Top of PROVIDED MATERIAL

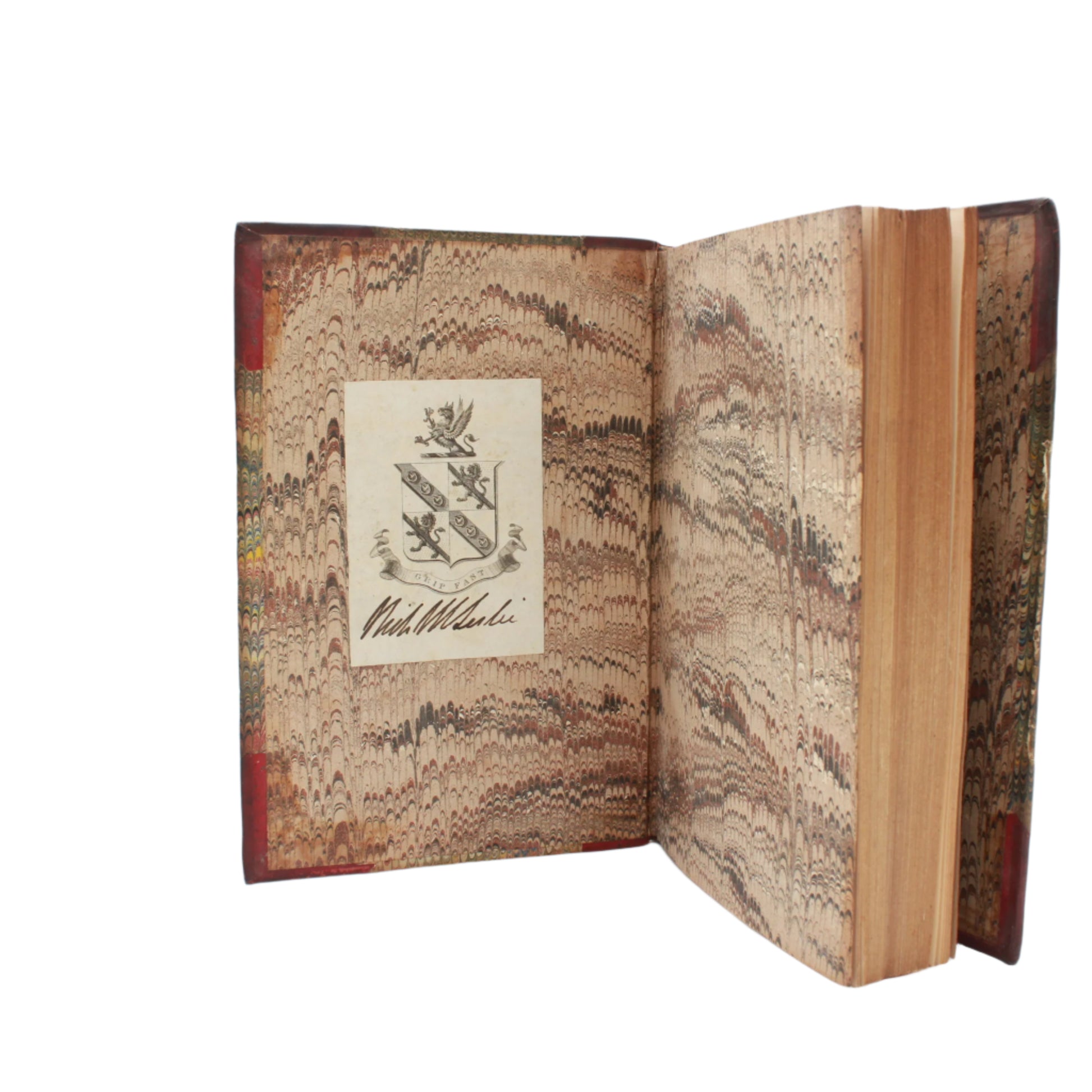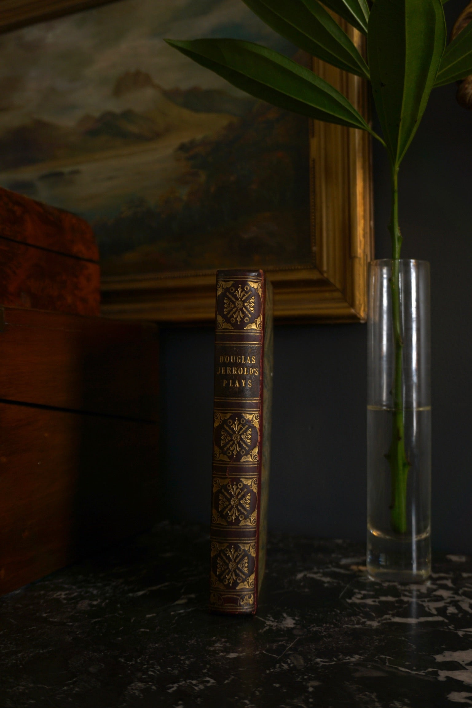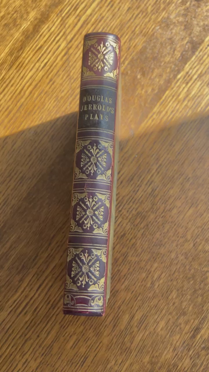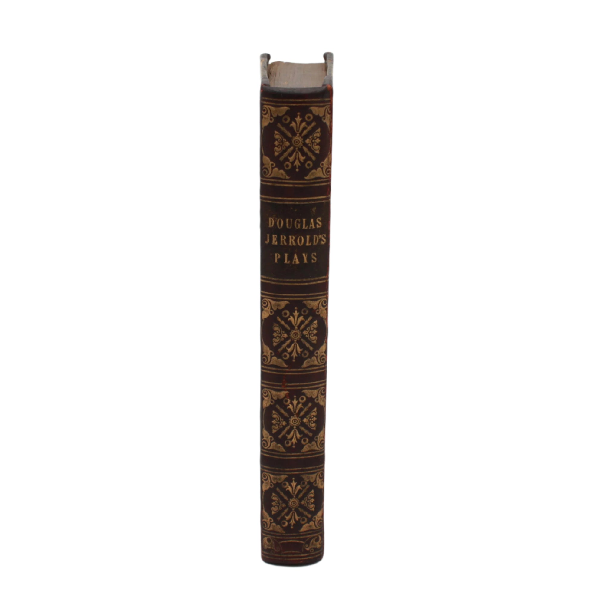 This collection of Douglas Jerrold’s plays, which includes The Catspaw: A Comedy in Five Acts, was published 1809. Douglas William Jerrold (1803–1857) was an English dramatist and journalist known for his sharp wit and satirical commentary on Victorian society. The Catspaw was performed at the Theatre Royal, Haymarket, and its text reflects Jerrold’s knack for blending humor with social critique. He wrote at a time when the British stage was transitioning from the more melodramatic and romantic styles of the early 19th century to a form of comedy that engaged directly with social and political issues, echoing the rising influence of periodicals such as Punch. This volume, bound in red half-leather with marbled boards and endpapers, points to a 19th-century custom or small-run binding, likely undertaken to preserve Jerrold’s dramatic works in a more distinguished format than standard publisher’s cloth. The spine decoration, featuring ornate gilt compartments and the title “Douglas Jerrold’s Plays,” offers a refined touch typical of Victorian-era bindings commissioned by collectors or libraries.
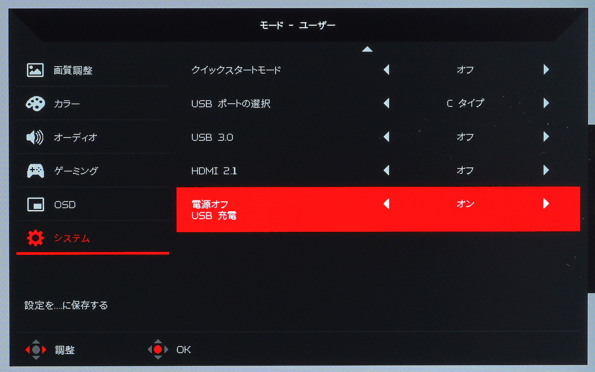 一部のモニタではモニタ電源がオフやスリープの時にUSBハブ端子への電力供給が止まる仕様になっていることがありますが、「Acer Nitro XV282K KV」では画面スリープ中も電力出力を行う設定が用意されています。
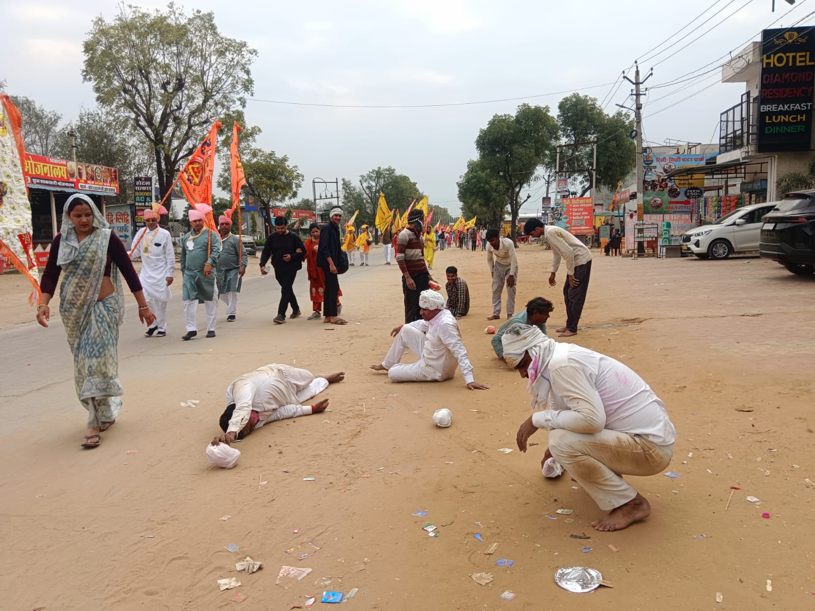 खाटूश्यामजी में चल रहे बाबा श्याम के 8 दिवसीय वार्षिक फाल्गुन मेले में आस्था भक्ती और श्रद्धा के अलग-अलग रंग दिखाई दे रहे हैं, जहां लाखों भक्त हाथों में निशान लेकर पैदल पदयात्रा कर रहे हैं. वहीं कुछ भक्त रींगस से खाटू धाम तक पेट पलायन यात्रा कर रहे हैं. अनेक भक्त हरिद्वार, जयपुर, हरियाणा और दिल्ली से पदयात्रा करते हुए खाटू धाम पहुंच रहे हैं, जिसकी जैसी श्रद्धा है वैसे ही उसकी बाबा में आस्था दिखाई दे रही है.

Bottom of PROVIDED MATERIAL

Retype the listing verbatim, minus every image.

» TASK ANSWER
 This collection of Douglas Jerrold’s plays, which includes The Catspaw: A Comedy in Five Acts, was published 1809. Douglas William Jerrold (1803–1857) was an English dramatist and journalist known for his sharp wit and satirical commentary on Victorian society. The Catspaw was performed at the Theatre Royal, Haymarket, and its text reflects Jerrold’s knack for blending humor with social critique. He wrote at a time when the British stage was transitioning from the more melodramatic and romantic styles of the early 19th century to a form of comedy that engaged directly with social and political issues, echoing the rising influence of periodicals such as Punch. This volume, bound in red half-leather with marbled boards and endpapers, points to a 19th-century custom or small-run binding, likely undertaken to preserve Jerrold’s dramatic works in a more distinguished format than standard publisher’s cloth. The spine decoration, featuring ornate gilt compartments and the title “Douglas Jerrold’s Plays,” offers a refined touch typical of Victorian-era bindings commissioned by collectors or libraries.
 一部のモニタではモニタ電源がオフやスリープの時にUSBハブ端子への電力供給が止まる仕様になっていることがありますが、「Acer Nitro XV282K KV」では画面スリープ中も電力出力を行う設定が用意されています。
 खाटूश्यामजी में चल रहे बाबा श्याम के 8 दिवसीय वार्षिक फाल्गुन मेले में आस्था भक्ती और श्रद्धा के अलग-अलग रंग दिखाई दे रहे हैं, जहां लाखों भक्त हाथों में निशान लेकर पैदल पदयात्रा कर रहे हैं. वहीं कुछ भक्त रींगस से खाटू धाम तक पेट पलायन यात्रा कर रहे हैं. अनेक भक्त हरिद्वार, जयपुर, हरियाणा और दिल्ली से पदयात्रा करते हुए खाटू धाम पहुंच रहे हैं, जिसकी जैसी श्रद्धा है वैसे ही उसकी बाबा में आस्था दिखाई दे रही है.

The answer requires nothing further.